Abstract
Latin American countries (LAC), with their culturally and ethnically diverse populations, form a region that is difficult to define and to understand. The region’s health systems are deeply fragmented, which poses great challenges to overall equity levels in health. This is also one of the fastest ageing regions in the world, with increasing demands as well for acute and long-term care (LTC). Demographic and epidemiological transitions across the region are heterogeneous. In this context, health systems are in general, largely unprepared to face the challenge of promoting healthy ageing. This unpreparedness has been magnified by the Coronavirus disease-2019 pandemic. Here, we analyse the burden of disease in the older population and identify priorities to improve the care and quality of life for people living in LAC. Besides an adequately prepared workforce, we must remediate disparities and inequities; develop and implement integrated care; achieve patient-centred care and further develop palliative and end-of-life care; simultaneously, we must develop the structure and financing of LTC services and strengthen the role of public health making healthy ageing an essential component.
Keywords: health services, Latin America, geriatrics, ageism, older people
Key Points
By 2030 there will be more people in Latin America older than 60 years than there are people younger than 5 years.
The region’s health systems are deeply fragmented, which poses great challenges related to the provision of quality care.
COVID-19 has provided an intensive stress test, exposing pervasive ageism in society and health care systems.
Increased life expectancy but with a lesser health span under the pressure of stark age-related inequities.
Introduction
Latin American countries (LAC), with their culturally and ethnically diverse populations, burgeoning economies, high levels of violence, growing political instability and striking levels of inequality, form a region that is difficult to define and to understand.
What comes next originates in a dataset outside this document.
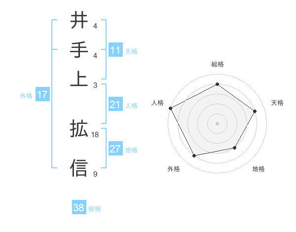 井手上 拡信さんを姓名の画数から五運を鑑定
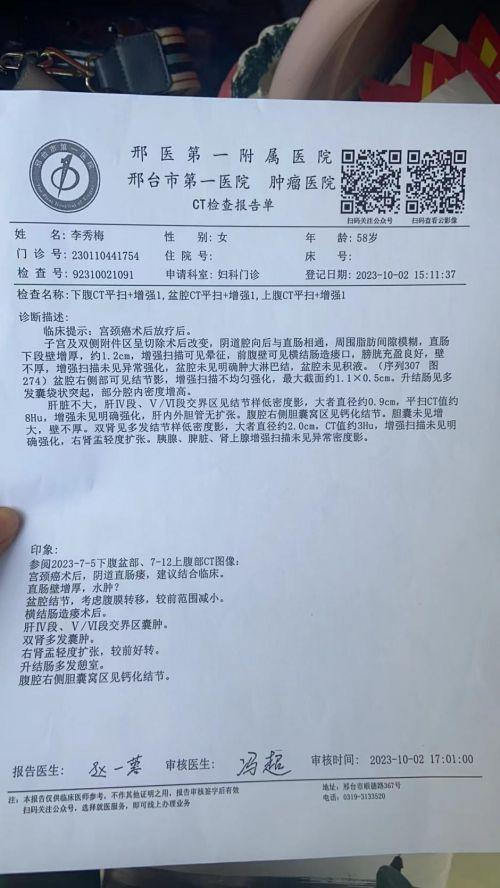 On March 14,2023, I am preparing for the return surgery in Beijing Xijing Cancer Hospital. After examination, the rectal surgery site recurred, with stiffness, no vitality, abdominal stasis, and lack of radiotherapy. Come to me for treatment before March 18,2o23. Thin body, complexion slightly yellow and white, abdominal flatulence and abdominal pain, dysphagia, stomach appetite is very poor, surgical pain, systemic fatigue, walking difficult, tongue light white coating sticky thickening, pulse treatment floating and smooth string. Sputum poison yong swelling, spleen and stomach disorders, injection of dampness and heat, viscera obstruction. Should: warm the spleen and stomach, dredge the viscera, swelling, swelling and blood stasis.(Coeliac functional disorders: multiple small lymph nodes in the intraperitoneal and retroperitoneum, slightly thickened bladder wall, prostatic hyperplasia, pelvic and bilateral inguinal small lymph nodes and other basic diseases, all belong to the scope of treatment). I began to take traditional Chinese medicine on March 18,2023. After more than 15o days of pure traditional Chinese medicine treatment, I feel good about myself. On September 8,2023, cT report in Baotou oma'Hospital, Inner Mongolia: Image comparison: Image comparison with June 20,2023:7: the wall of the rectal anastomosis was thickened, the structural disorder and surrounding peritoneal opacity were reduced than before, and the cable shadow was reduced.

The region’s health systems are deeply fragmented and segmented, which poses great challenges related to the provision of quality care and overall equity levels in health. Besides, this is one of the fastest ageing regions in the world, with increasing demands as well for acute and long-term care [1]. Demographic and epidemiological transitions across the region highlight the different levels of unpreparedness to address the needs of an ageing society, such as efforts to maintain older people’s functional ability, and to manage chronic conditions and infectious diseases outbreaks, like the Coronavirus disease-2019 (COVID-19) pandemic [2].
Population ageing in this difficult context is a challenge to social and health care systems (HCS) across the region. Here we provide an overview of the regional health system’s responsiveness to the needs of older adults. We will glance at geriatric training, clinical practice and institutional support in 15 countries, bearing in mind great variations in the organisation of their health systems, training, roles and functions of geriatricians and other geriatric health professions.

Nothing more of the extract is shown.